One potential downside of personalized WGS-based assays is that they do not capture new mutations at disease progression. Here, we show that the MAESTRO-Pool approach can be supplemented by adding a panel of relevant genes to look for treatment-emergent alterations. Even in the small panel tested, we identified novel mutations arising at the time of relapse, including a hotspot mutation within CREBBP's lysine acetyltransferase domain that has been associated with increased MYC expression13 and decreased MHC class II expression14 in prior studies.

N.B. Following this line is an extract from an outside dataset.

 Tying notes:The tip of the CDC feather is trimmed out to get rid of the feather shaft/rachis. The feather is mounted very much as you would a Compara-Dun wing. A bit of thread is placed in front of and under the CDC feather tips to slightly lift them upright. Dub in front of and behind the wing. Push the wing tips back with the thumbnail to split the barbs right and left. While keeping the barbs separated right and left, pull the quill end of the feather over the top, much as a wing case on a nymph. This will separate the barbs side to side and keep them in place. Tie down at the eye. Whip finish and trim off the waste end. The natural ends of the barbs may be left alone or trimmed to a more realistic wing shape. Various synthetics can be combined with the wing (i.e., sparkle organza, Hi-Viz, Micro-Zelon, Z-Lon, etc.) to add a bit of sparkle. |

Personalized MRD approaches do present unique challenges to clinical implementation. MAESTRO-Pool requires WGS and individualized probe design, but the cost of each continues to decline. While this approach entails upfront costs, MAESTRO-Pool enables the detection of low-abundance mutations with significantly fewer reads, and the upfront cost can be amortized over serial MRD samples.

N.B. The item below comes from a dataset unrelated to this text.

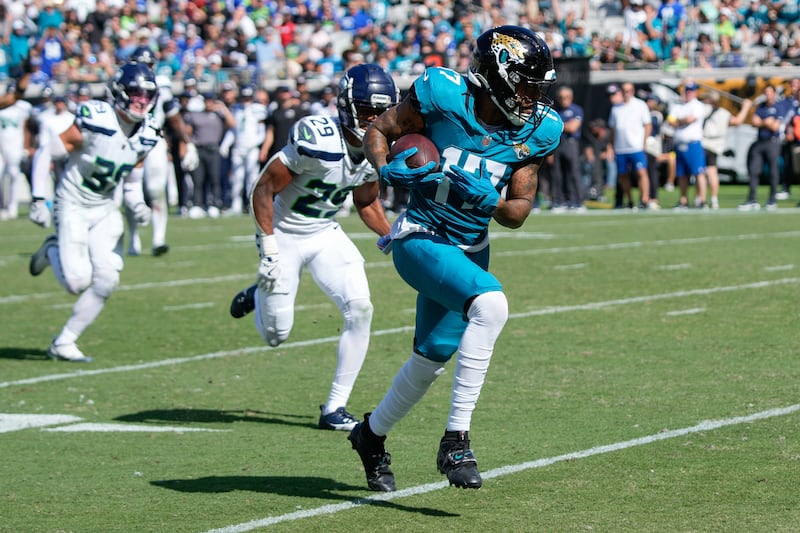 Tim Patrick, who starred at Utah, caught a 26-yard touchdown pass for his first touchdown with Jacksonville after being traded to the Jaguars this offseason. That TD grab came in a 20-12 loss to Seattle.

The small number of patients studied and the retrospective approach are clear limitations of our work. Despite this, our results suggest that bespoke WGS liquid biopsy in DLBCL may offer unique advantages in optimizing the sensitivity of MRD detection, maintaining very high specificity, and allowing tracking of clonal evolution. The results of our pilot study support additional investigation using MAESTRO-Pool in DLBCL.

ACKNOWLEDGMENTS

The authors acknowledge the Gerstner Family Foundation for its generous support of this work. Reid W. Merryman, Mikaela McDonough, and Philippe Armand would like to acknowledge support from the Harold and Virginia Lash Grant Program. Reid W. Merryman would like to acknowledge support from an American Society for Transplantation and Cellular Therapy New Investigator Award and a Lymphoma Research Foundation Clinical Investigator Career Development Award.

    AUTHOR CONTRIBUTIONS

    Reid W. Merryman designed the research, performed research, analyzed the data, and wrote the paper. Justin Rhoades, Kan Xiong, Mark Murakami, and Viktor A. Adalsteinsson designed the research, performed research, analyzed the data, and edited the paper. Robert A. Redd analyzed the data and reviewed the paper. Katherine Antel, Hyun Hwan An, Mikaela McDonough, Liliana Guerrero, Andela Crnjac, Sainetra Sridhar, Timothy Blewett, Ju Cheng, Parastoo B. Dahi, Yago Nieto, Robin M. Joyce, Yi-Bin Chen, Alex F. Herrera, and Philippe Armand performed research and reviewed the paper.

    CONFLICT OF INTEREST STATEMENT

    Reid W. Merryman—Advisory board: Genmab, Adaptive Biotechnologies, Bristol Myers Squibb, Abbvie, Inteillia, Epizyme; consulting: Alphasights; institutional research funding: Merck, Bristol Myers Squibb, Genmab, Genentech/Roche. Yago Nieto—Consulting: Affimed, Novonordisk; research funding: Novartis, Biosecura, Astra-Zeneca, Affimed, Takeda. Yi-Bin Chen—Consulting: Incyte, Jasper, Gamida Cell, Daiichi, Celularity, Equilium, Actinium. Alex F. Herrera—Consulting: Bristol Myers Squibb, Genentech, Merck, Seattle Genetics, AstraZeneca, Karyopharm, ADC Therapeutics, Takeda, Tubulis, Genmab, Regeneron; research funding: Bristol Myers Squibb, Genentech, Merck, Seattle Genetics, KiTE Pharma, Gilead Sciences, AstraZeneca, ADC Therapeutics. Philippe Armand—Consulting: Merck, BMS, Pfizer, Affimed, Adaptive, Infinity, ADC Therapeutics, Celgene, Morphosys, Daiichi Sankyo, Miltenyi, Tessa, GenMab, C4, Enterome, Regeneron, Epizyme, AstraZeneca, Genentech; research funding (institutional): Merck, BMS, Affimed, Adaptive, Roche, Tensha, Otsuka, Sigma Tau, Genentech, IGM, Kite; Honoraria: Merck, BMS. Mark Murakami—Advisory board: Novartis, CancerModels.org; research funding: Generate Biomedicines, Genentech/Roche. Viktor A. Adalsteinsson is a co-inventor on a patent application covering MAESTRO (US 2023/0203568, pending) which has been licensed to Exact Sciences which was not involved in this study; receives research funding from Exact Sciences; and is a co-founder and advisor to Amplifyer Bio which was not involved in this study. The remaining authors declare no conflict of interest.

    FUNDING

    This research received no funding.

    DATA AVAILABILITY STATEMENT

    The data that support the findings of this study are available from the corresponding author upon reasonable request.